The whole Olly thing was a press, an Ifrit does something to try and force the master to make a wish. Eventually, the last press comes so that Viola will make her third wish, Jinn gets to go back to Caliban, and Viola will forget him. They try and stave off the press but are unsuccessful. The Ifrit makes it so that Lawrence, her gay best friend and ex-boyrfriend, falls in love with her, the thing she wanted most at the beginning of all this. Jinn begs her to wish him home, so that Lawrence would stay in love with her and she would be happy, but she wished for the press to be taken off of Lawrence, signifying that she chose Jinn instead. 

Her memories are veiled and Jinn receives punishment for breaking protocols, forcing him to join the Ifrit, to do presses and such. He now is free from protocols and goes back to Earth to see Viola again and he gets her to remember through stimulating her memory, speaking about them and the things they did together. She remembers and they kiss. The end.

(SPOILER WARNING! END)

I absolutely despise this book. Honestly if I were to rate this out a ten like I did in the olden days, this book would receive a four. Even Dan Poblocki and Mary Downing Hahn were better at writing than this! And I rated them around a seven, seven-and-a-half. This book is literally probably the lowest I have scored in the eight years I did book reviews on YouTube. I feel so bad for saying that I don't like this book, I don't don't like books! Heck, apparently Lisa McMann liked this book and her quote on the back doesn't even remotely describe it.

In the first ten pages, we learn all of Viola's woes and worries, no build up, no anything, it's just thrown at out faces like, "here you go! Have a pleasant rest of your day!" She's a sixteen-year-old girl who had her heart shattered because her ex-boyfriend came out as gay and she doesn't know what to do with herself. She's so desperate to belong with people that she accidentally summons a jinn! And then she's so selfish to the point where she can't decide on her wishes and so the jinn is literally stuck on Earth with her, unable to go home, until she wishes.

This book is all kinds of messed up. Viola doesn't really change as a character, stagnant nearly throughout the whole thing. Honestly she is a really boring character, and Jinn, Viola just named him his species, is no better! All he cares about in the beginning is going home to Caliban! He tries to rush her to wish and then she's all hesitant about what to wish for, which is good and all, making smart choices, but doesn't seem to care about getting Jinn home to Caliban at all

The way the romance is written feels kind of forced and unnatural. Jinn started caring for her four days in! Like what? And I feel so bad for Lawrence, having to deal with these two. Lawrence, the best friend turned boyfriend turned gay best friend. The fact that he is gay is shoved to the side unless it's needed for the plot and even then it's not much. Viola still treats him like her boyfriend instead of her best friend despite them being broken up and him being out. It is ridiculous! I hated how they treated Lawrence at the end though.

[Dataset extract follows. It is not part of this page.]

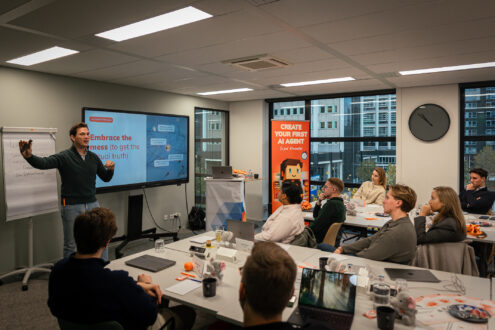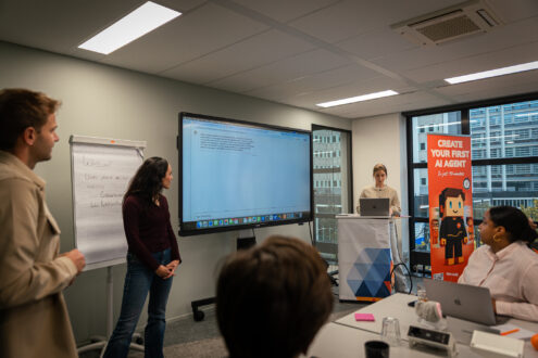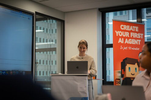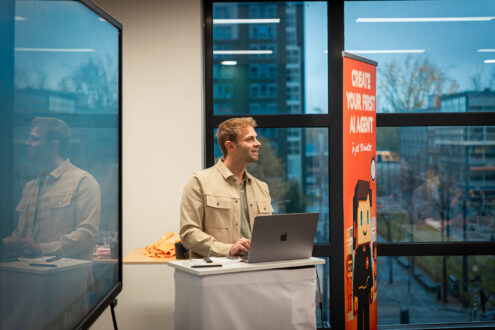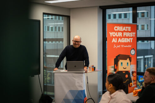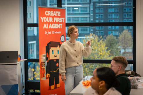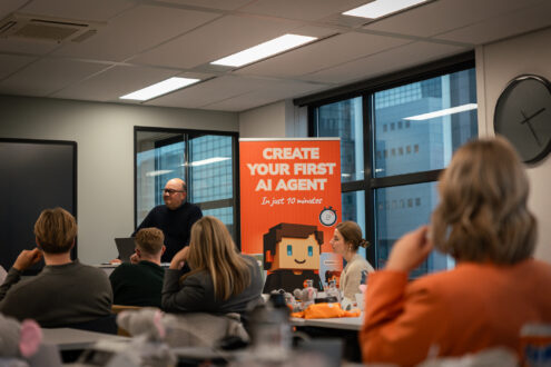 Genoeg van het lezen over AI? Tijdens deze sessie gingen deelnemers zélf aan de slag. Geen droge theorie, maar een hands-on dag waarin iedereen stap voor stap zijn of haar eerste AI-agent bouwde – een digitale collega die saaie of tijdrovende taken kan overnemen.

Normally I describe the story more in depth up above, but the story isn't that great and I don't want to melt your eyes out of your sockets just yet. There's also no real important plot points, not many at least, maybe only three or four. The book was so boring, I was counting down the pages to when I would be finished! This was a really disappointing book and I am sorry I ever read it.

Thank you all for reading! Sorry about this being such a negative post, I really don't like to speak badly about books, but this one was a catastrophe. I hope my next review will be better! Please comment down below! Have you read this book before? Did you like it? I want to know why people actually liked this book, I really am curious. I hope to see you guys back for next week's post! Stay safe!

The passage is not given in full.